This post is a reflection on being part of making a maturing infrastructure organization for nearly five years.
When I joined Production Engineering at Shopify, it was barely 30 people. We went for a team dinner around that time and I remember how my manager paid for it with his credit card because points. Now we are at >200 people, and at the last pre-pandemic offsite we had a huge ballroom booked for the dinner. Clearly it wasn't billed to an individual's credit card.
Through my there years there, I've seen how we've solved scalability and growth by introducing boundaries and new levels of abstraction.
Now that I'm noticing this pattern at other companies too, I believe that managing layers of abstraction is the key tool to solving scalability problems.
The story of scaling Redis
As the most of other Ruby on Rails shops, we've been running job queues on Redis with the Resque gem (you might have also worked with Sidekiq which is Resque's successor). Both of those libraries are built on top of Redis, a key-value database written in C that also provides primitives like List and Hash. As a database, Redis keeps those lists/queues in memory for you, and dumps them to the disk every once in a while if you have persistence enabled.
The way how Resque (or Sidekiq) API is designed, you can grab Redis client by calling Resque.redis
and query that Redis directly for any other operations. This is convenient, and having hundreds of developers at Shopify at that point, it was easy for everyone to start dumping non-jobs data to Redis, thanks to the ease of access to Resque.redis
in the Rails app.
The side effect of this easy-to-use API was that Redis became overloaded not only by the throughput of background jobs, but also by all arbitrary features where people have plugged Resque.redis
to store ephemeral keys like throttles or inventory data.
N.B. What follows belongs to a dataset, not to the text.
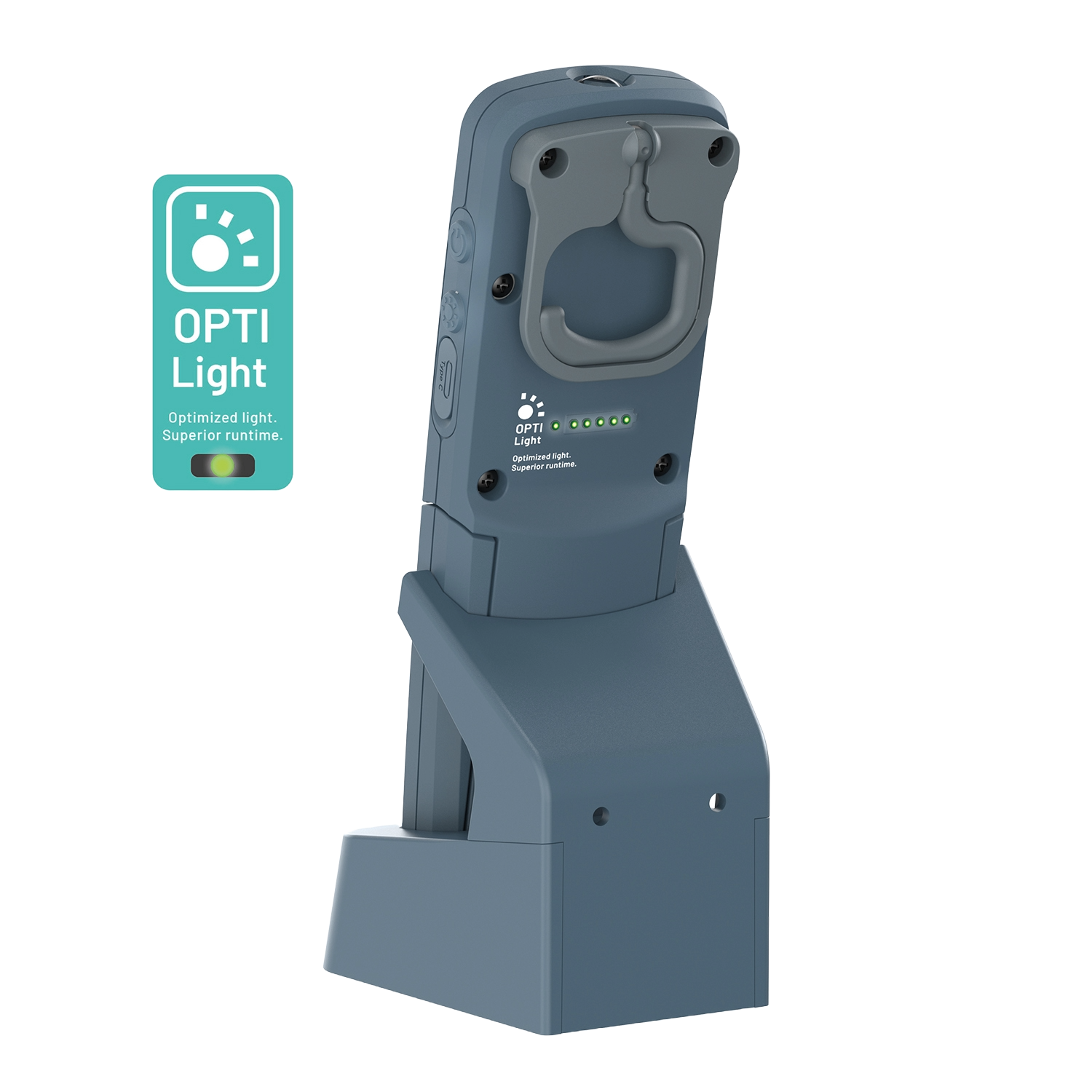 Die OPTILight-Einstellung liefert die erforderliche Beleuchtungsstärke (LUX) in einer typischen Arbeitssituation und sorgt mit einem einfachen Druck für optimales Licht und optimale Laufzeit. Diese Arbeitsleuchte bietet eine konstante Lumenleistung, gemessen nach der europäischen Norm EN 13032-1.

Lesson #1: easy to access APIs can get harmful, especially when it's designed for a smaller scale and misused at a larger scale.
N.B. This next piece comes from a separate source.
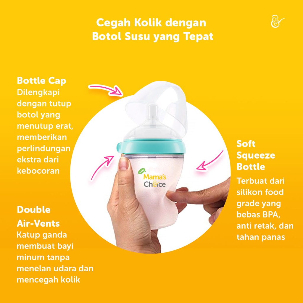 [{"t":"Mama tau nggak, kalau bayi yang rewel dan tidak berhenti menangis itu menandakan bahwa ia sedang terserang kolik? Salah satu penyebab kolik adalah banyaknya udara yang terhirup dari botol susu ketika ia sedang minum. Hal tersebut sangat membuatnya tidak nyaman lho, Ma. Maka dari itu, jangan sampai si kecilnya Mama mengalami juga, ya! Yuk, cegah kolik untuk menyerang bayi dengan Dot Bayi Botol Susu Mama's Choice!\n\nDot Bayi Botol Susu Mama's Choice:\n\n- Minimalisir udara masuk, mengurangi risiko kembung dan kolik pada bayi\n- Kontur botol yang ideal untuk bayi, memudahkannya menghisap, meremas, dan menstimulasi motorik kasar\n- Dot yang dapat menempel sempurna pada mulut bayi, memudahkannya untuk mengisap\n- Varian warna cerah dan kemasan yang menarik\n\nSiapa yang bisa menggunakan Dot Bayi Botol Susu Mama's Choice?\nSi kecil yang sedang aktif meminum susu lewat botol\n\nPilihan Warna:\nCyan\nYellow\n\nJaminan aman kami\n100% food grade\nBPA free\nPhthalate Free\nPVC Free\n\n"},{"i":"db21f1c3ffea32feca566aa990524cd3,1.000"}]

We introduced separate Redis instances for all non-jobs features, and for a while Resque.redis
was only used for jobs.
But because Resque.redis
didn't go away as a public API (even though its use was verbally discouraged), a new pile of features have developed that were writing to Resque.redis
, mostly because that was a developer habit.
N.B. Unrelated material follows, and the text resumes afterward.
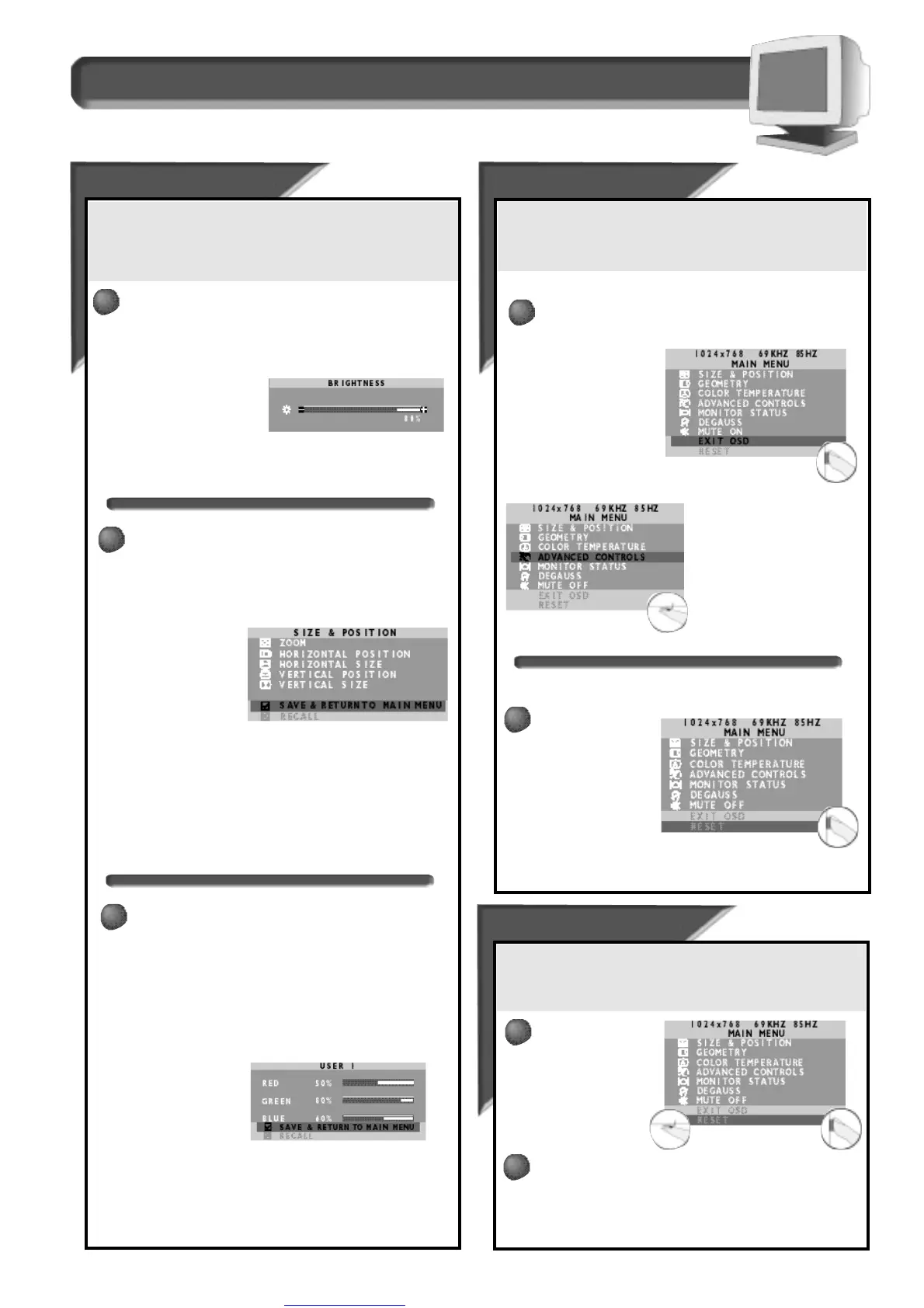 from the monitor screen. Resetting from the On Screen Display returns

It took us significant amount of efforts to completely remove Resque.redis
as a public accessor (see shitlist driven development) and move to not exposing Redis clients directly anywhere. Instead of giving Redis access directly, we provide a few Ruby classes that wrap Redis access, like ActiveJob
, Throttle
or DisposableCounter
.
Lesson #2: it's going to be much easier to scale a data store when the subset of operations is limited and its clients are not exposed directly to developers.
Proxies and connection
It's important to say that Redis is single-threaded, which means that it doesn't employ more than a single CPU. Its authors recommend scaling by introducing more Redis instances running on other CPUs and making your app somehow shard the data across multiple Redis instances - or by using Redis Cluster.
Also, the more client connections are open to Redis, the busier will be that single CPU. We started to notice that connection limits and CPU load were coming to be the two biggest bottlenecks in keeping the platform up.
As we did for the rest of stores like MySQL and memcached, we went with introducing a TCP proxy in front of Redis that would multiplex client <-> backend connections and reduce the pressure on Redis' CPU. It's incredible how much room you can buy for scalability by putting a proxy in front of Redis/MySQL/memcached.
Proxies and scalability
Now all operations to Redis went through a proxy and every feature like jobs or throttles had its own Redis. But every Redis was still single-threaded, and once we had extra load on jobs or on throttles, that Redis would max out on CPU and some operations would get queued and time out. We had to horizontally scale Redis for each feature.
The beauty of having a proxy in front of a database is that you now you can make changes to the backend without having to change clients. Thanks to Envoy proxy, we've been able to swap a single Redis behind the proxy with a pool of multiple Redis instances, and partitioning operations by a key.
Layers of abstraction
We've had no abstractions at first and developers used to call the Redis client directly for any operations. We went away from giving the Redis client to providing primitives that work with Redis underneath.
Later we moved away from making the application connect to Redis directly to giving them something that looks like Redis, but is actually a proxy that forwards commands to multiple Redis instances managed by infrastructure teams. That abstraction will also allow us to swap those backends on the proxy with another database like KeyDB in we wanted to.
These two steps have abstracted Redis access from the application code and decoupled code from the infrastructure, which was the key to making something scale for both the load and the number of developers.
You can see the similar pattern with Vitess, which makes the client believe that it's speaking to MySQL while it's actually speaking to a Go service that applies certain logic and forwards those MySQL queries elsewhere. Used by YouTube, Github and Slack, Vitess is gaining its popularity as a way to horizontally scaling database access without increasing the complexity on the client.
I believe that the increasing amount of abstractions is the reasonable price to pay for scalability. It works the other way around too: if some parts of your stack are abstracted and some are not, those that are not abstracted will be the first to become a scalability bottleneck.